● **Task statement**: Up to and including the line that contains "本次人口统计,因九江市几个功", repeat the entries below exactly from the first line on. Do not carry over any pictures.

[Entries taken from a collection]
◆ ◆ ◆ ◆ ◆

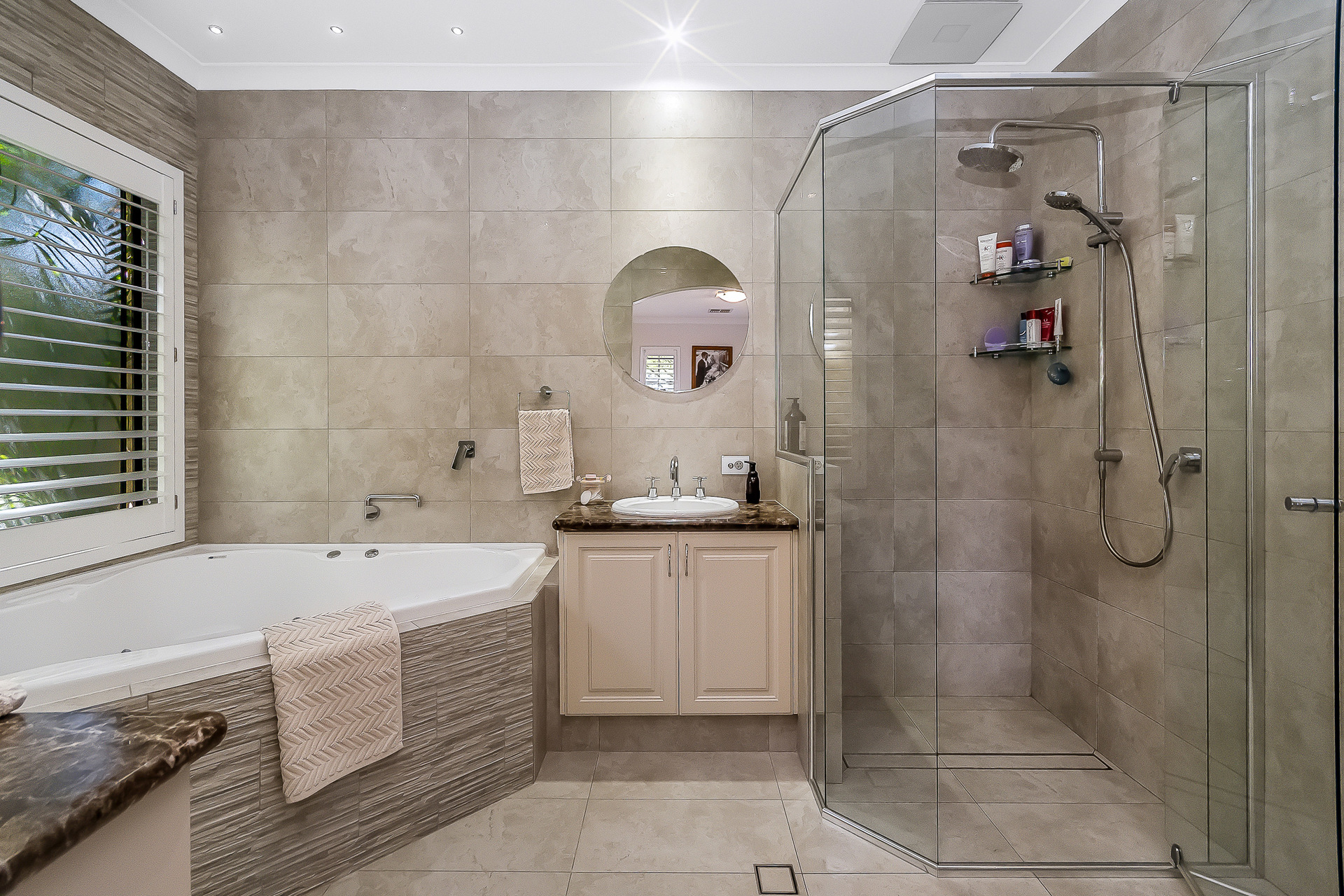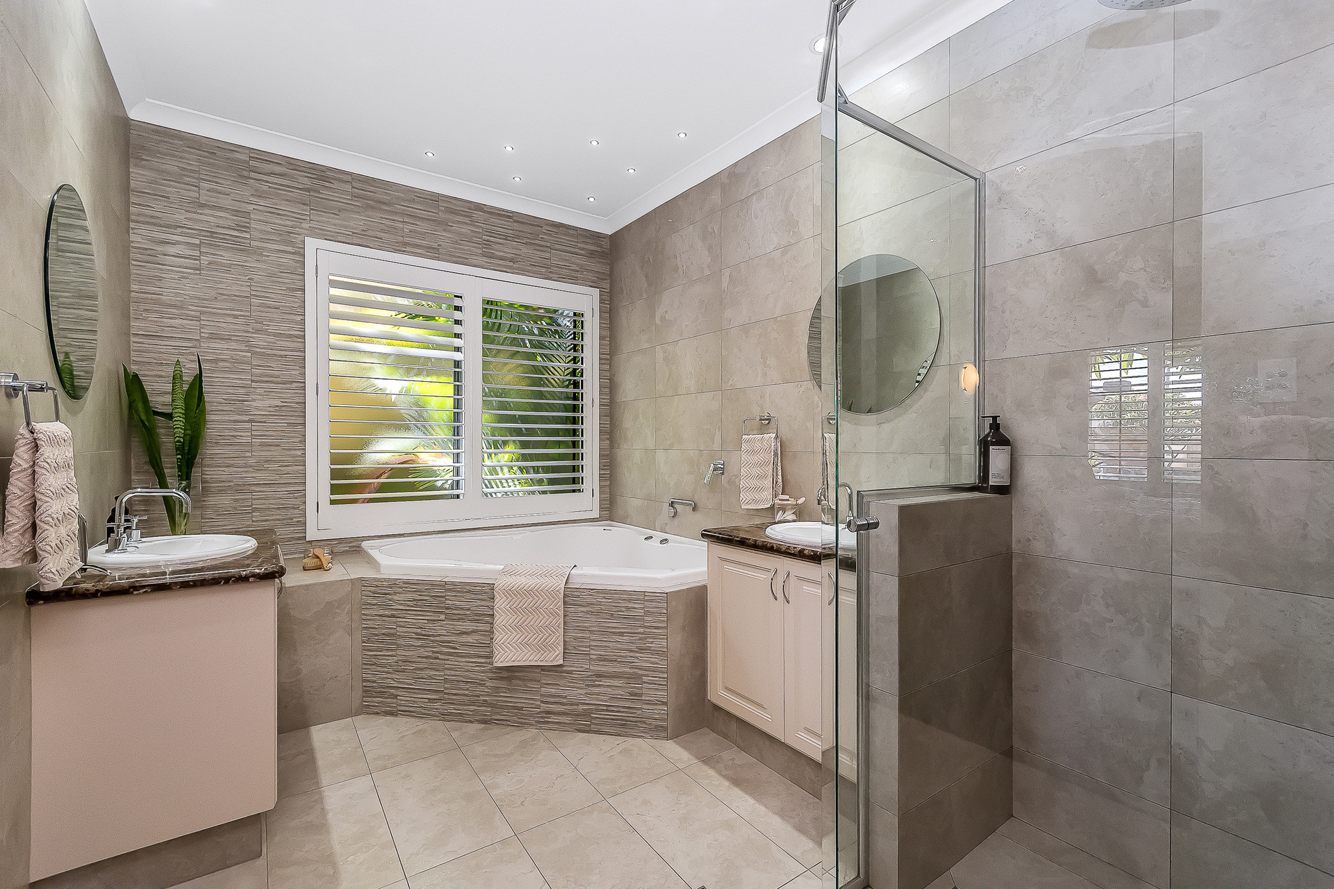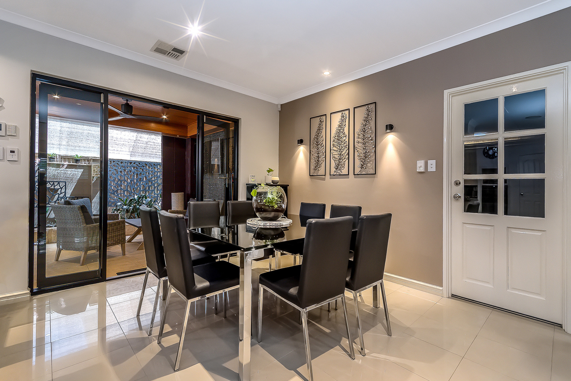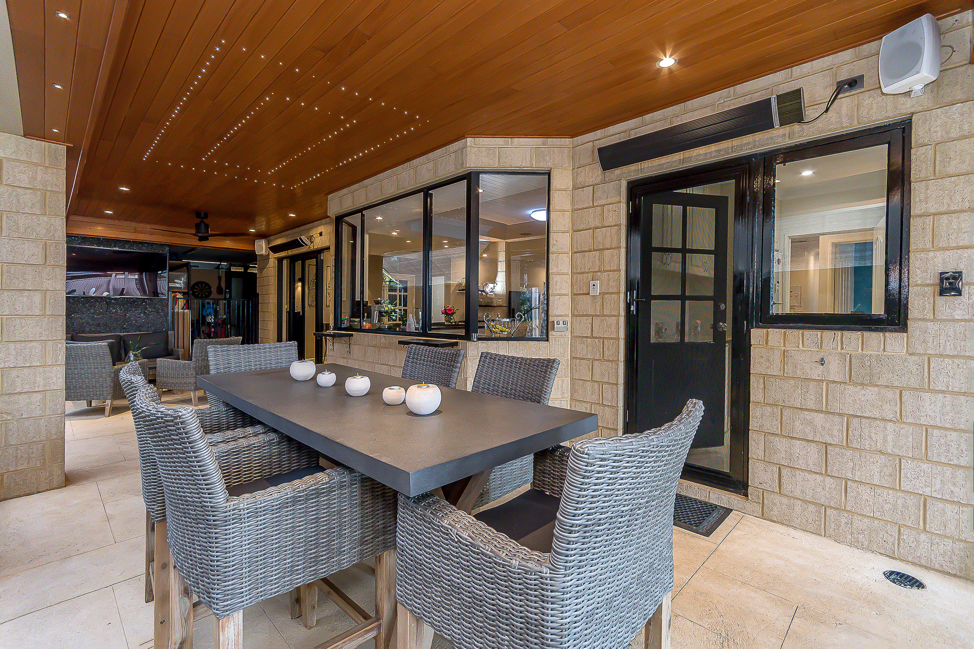 The outdoor spaces are designed to offer both connection and retreat. Two distinct entertaining areas provide choice and privacy:
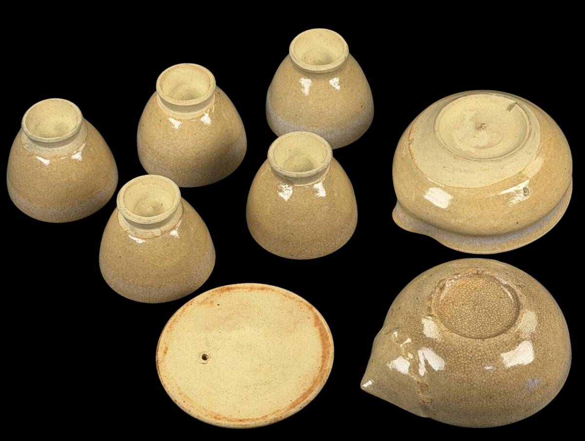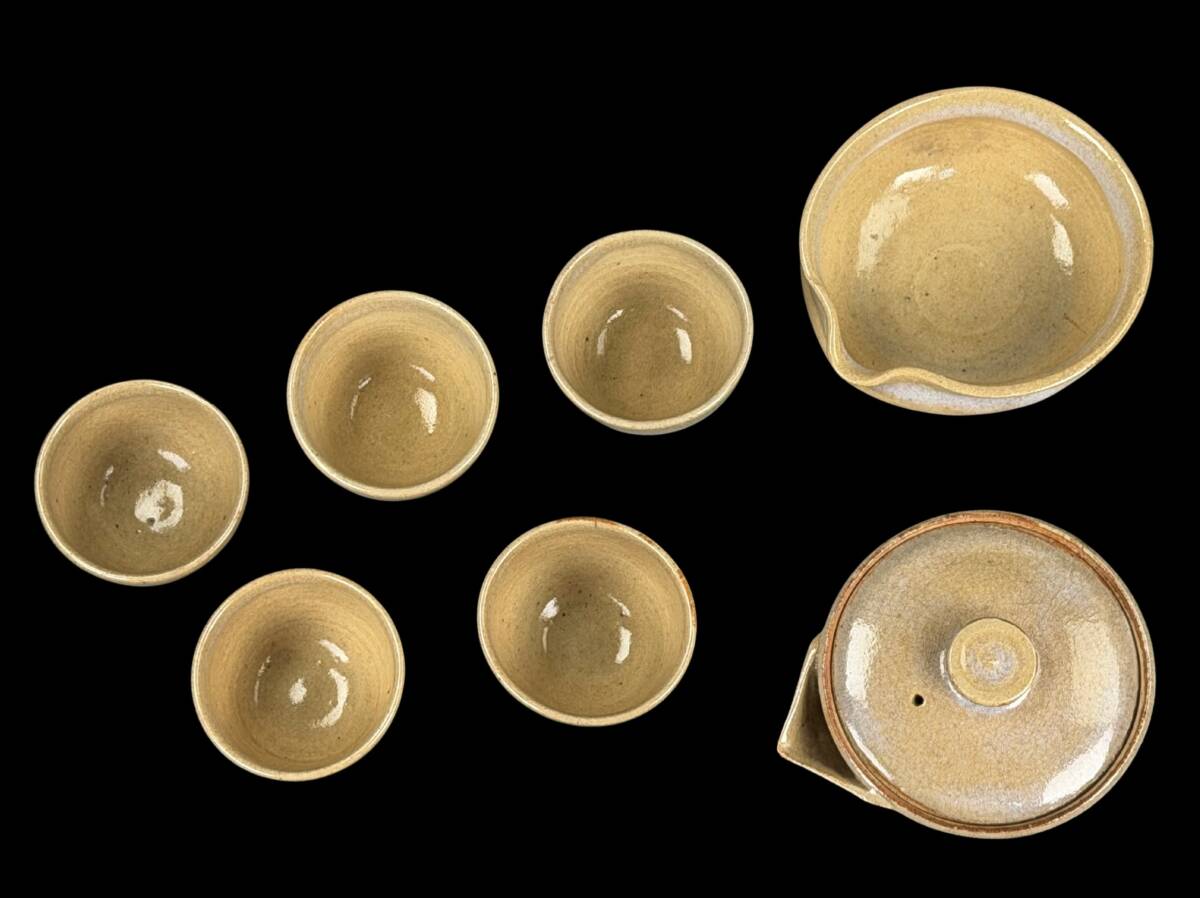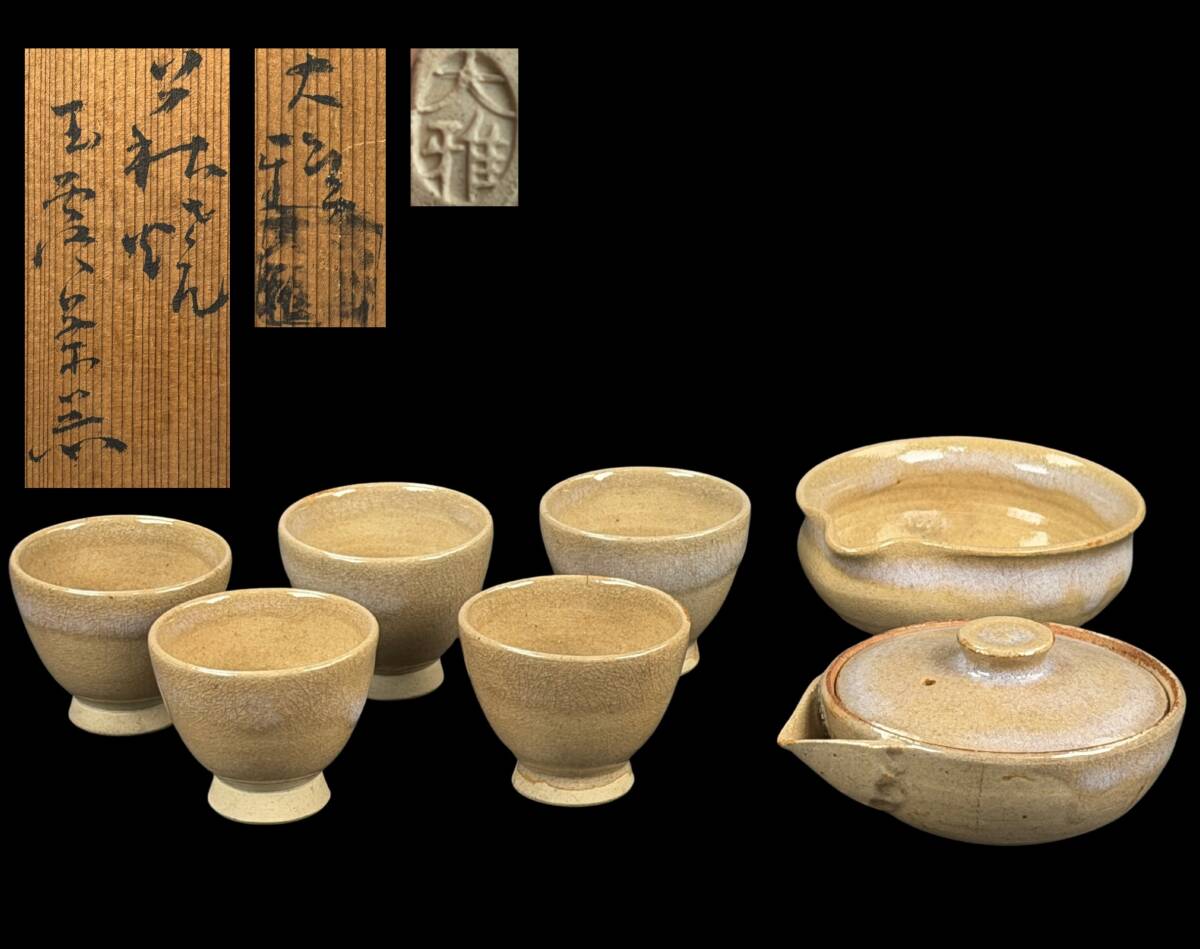 【忠古堂】萩焼 大雅 煎茶器 一式 茶器セット 共箱 煎茶道具 湯冷 宝瓶 急須 湯呑5客 在銘 m-141
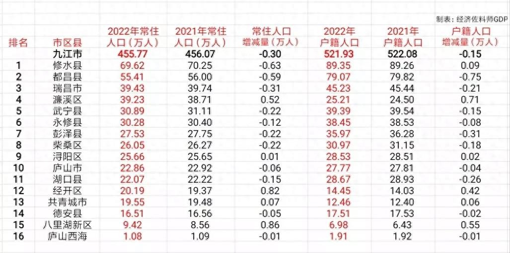 本次人口统计,因九江市几个功能区跨区县(市经开区横跨三个行政区,庐山西海也跨永修、武宁县),人口不好分配给行政区,故按全市16个功能统计区域来统计人口。(上面表格按2022年常住人口排序)
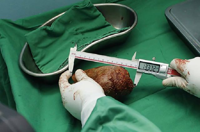 Вес камня составил 801 грамм, а его длина — 13.37 сантиметра! Таким образом, вес этой каменюки в 5 раз превысил вес среднестатистической мужской почки.
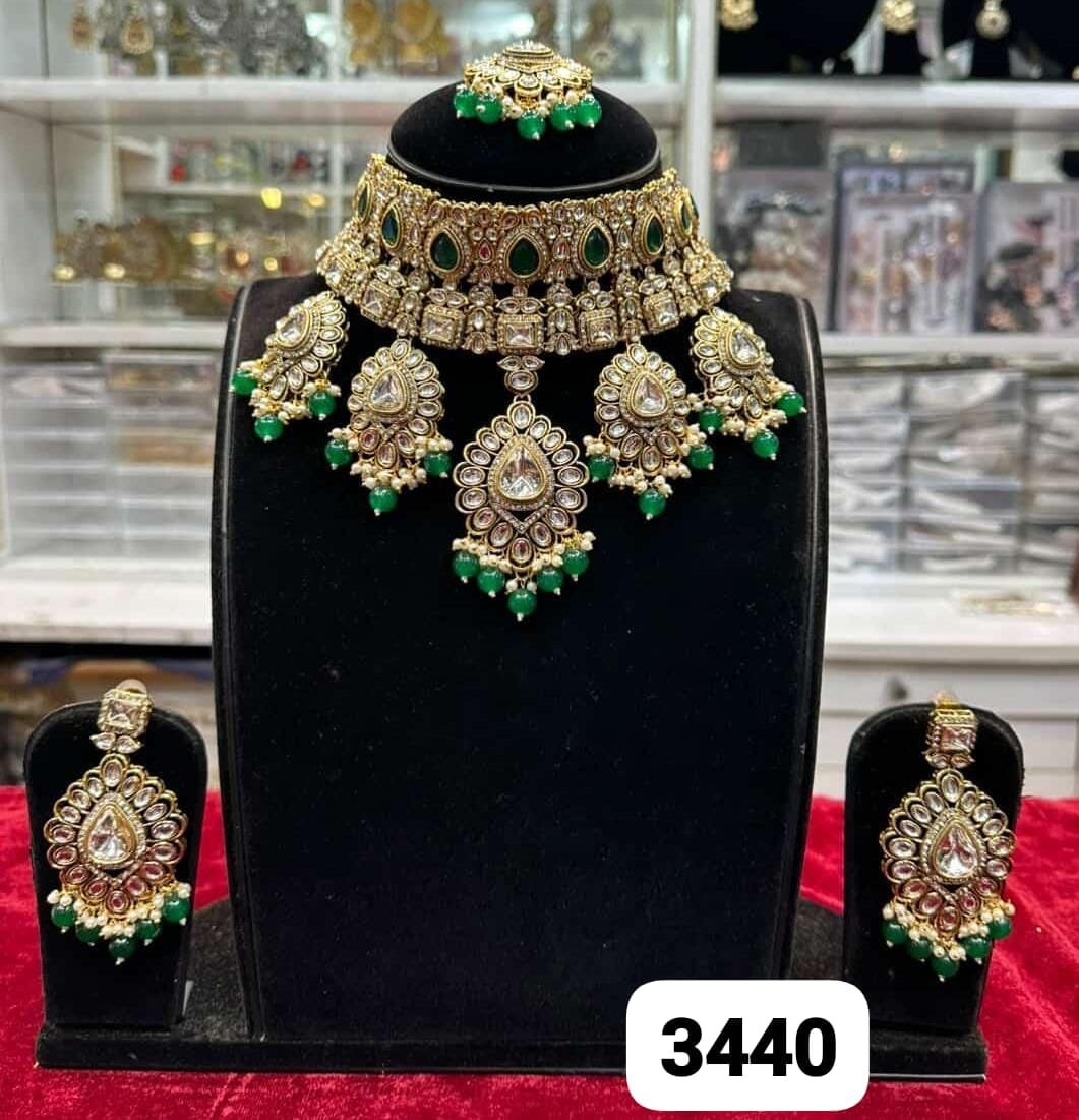 This jewelry set combines the elegance of traditional kundan work with the richness of bright green accents. The necklace features intricate craftsmanship and a heavy yet balanced design that stands out beautifully when worn.

◆ ◆ ◆ ◆ ◆

● **Solution to this problem**:
 The outdoor spaces are designed to offer both connection and retreat. Two distinct entertaining areas provide choice and privacy:
 【忠古堂】萩焼 大雅 煎茶器 一式 茶器セット 共箱 煎茶道具 湯冷 宝瓶 急須 湯呑5客 在銘 m-141
 本次人口统计,因九江市几个功能区跨区县(市经开区横跨三个行政区,庐山西海也跨永修、武宁县),人口不好分配给行政区,故按全市16个功能统计区域来统计人口。(上面表格按2022年常住人口排序)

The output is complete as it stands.